Saturday, September 25, 2010

Honesty

My older brother once told me the more honest the Truth is the more it will hurt. So does that mean life should be sugar coated or that we shouldn't bother telling the e truth? I have sat and watched as you get hurt physically and emotionally. And yet i am still the bad guy? i offer my support and my help and yet i hurt you? I simply call it as i a see it and how it is and yet i am wrong? Or is it that the honest truth hurts to much? You call me up crying on the phone telling me you deserve to be loved and you do but yet the next day it is like nothing ever happened. And i am stuck staring at him wishing i could make a connection. NOT a mental one NO! I mean a connection between his jaw and my fist. But i wont. Why? Because i care about you.  But i guess caring isn't all its cracked up to be. Apparently caring is the wrong thing to do. It's like when your alarm goes off and all you do is ignore it and go back to sleep because you don't want to face the challenges of the next day. So i ask are you ever gonna answer the alarm? You love him i get that I'm not stupid. But there is a line between Love and plain insanity. He says he loves you but actions speak louder than words. What are his actions speaking to you? I don't even no why i bother writing this you prolly got down to the third or fourth line and just exited saying to yourself "That's fine and Dandy but he just doesn't understand". What is there to understand? You have been looking for someone to love you and you settle for him? Sure he says it but there is no feeling. Even when i sit with you guys he takes you for granted the way he talks to you the way he treats you. But who cares what i think right? I'm just me. Silly little Michael who just doesn't understand.
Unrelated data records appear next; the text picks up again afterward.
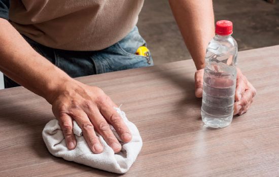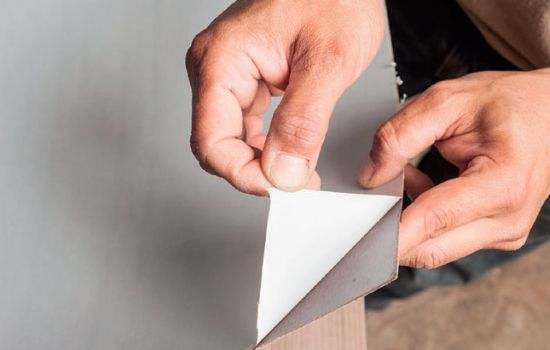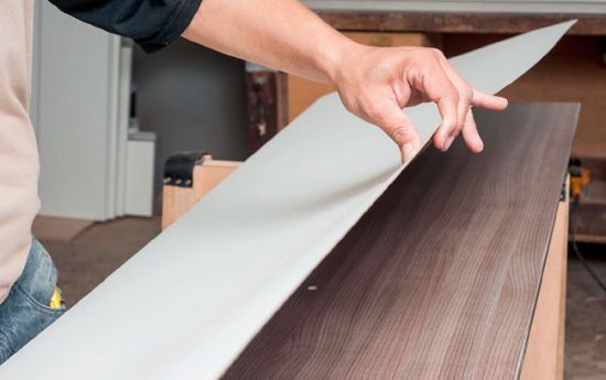 Agora, posicione com precisão a placa do laminado sobre a parte escolhida da madeira e aplique.
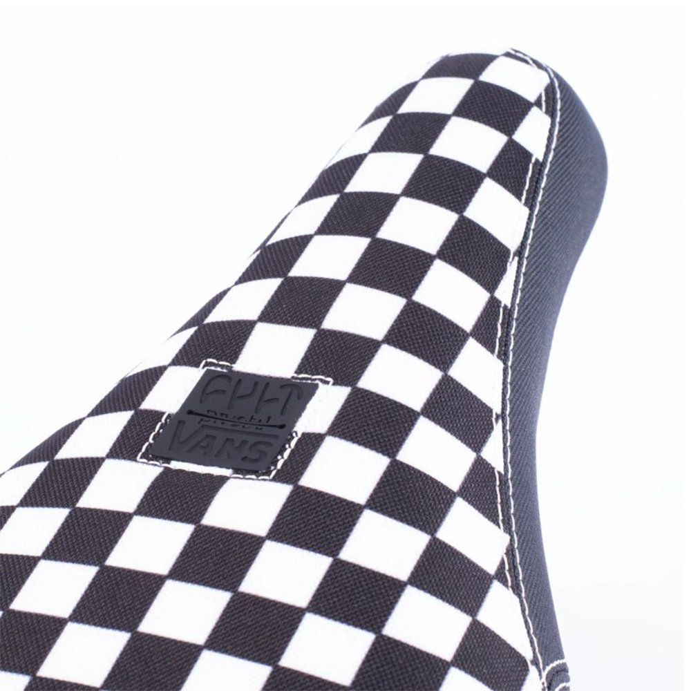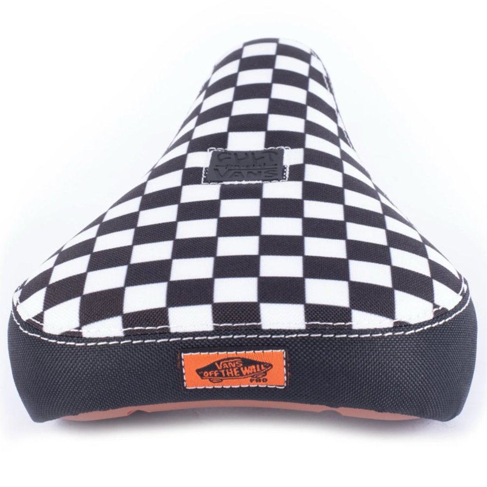 BMX sedlo Cult v povedeném designu, který známe z tenisek VANS. Odolná základna je opatřena FAT polstrováním potaženým plátnem. Uchycení je na Pivotal systém.
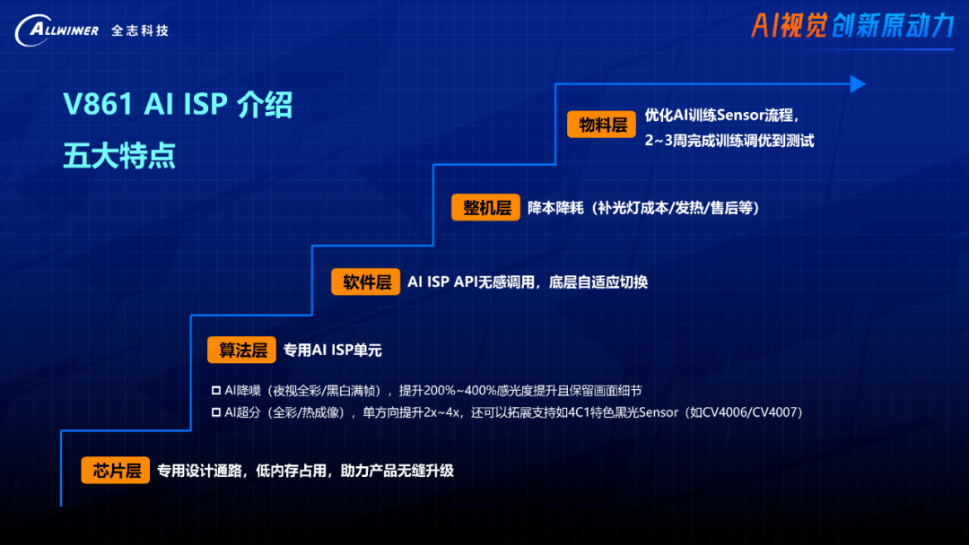 以运力、算力双维减耗为核心,通过异构计算架构与AI – ISP硬件单元深度协同,在保证高性能的同时优化系统资源消耗,形成低功耗解决方案,推动端侧AI视觉向更高效、实用方向发展。
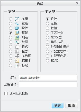 b. 在“名称”(Name) 框中键入 piston_assembly。

Or The guy who only has half the story. Well if that is the truth then why don't you give me the rundown and if you have and you still don't agree with what i say. Then i feel it is a matter of you just not wanting to come to terms with the Honest truth. But what does it matter what i say right? I am just silly little Michael who just doesn't understand. Or maybe just maybe you are the person who doesn't understand.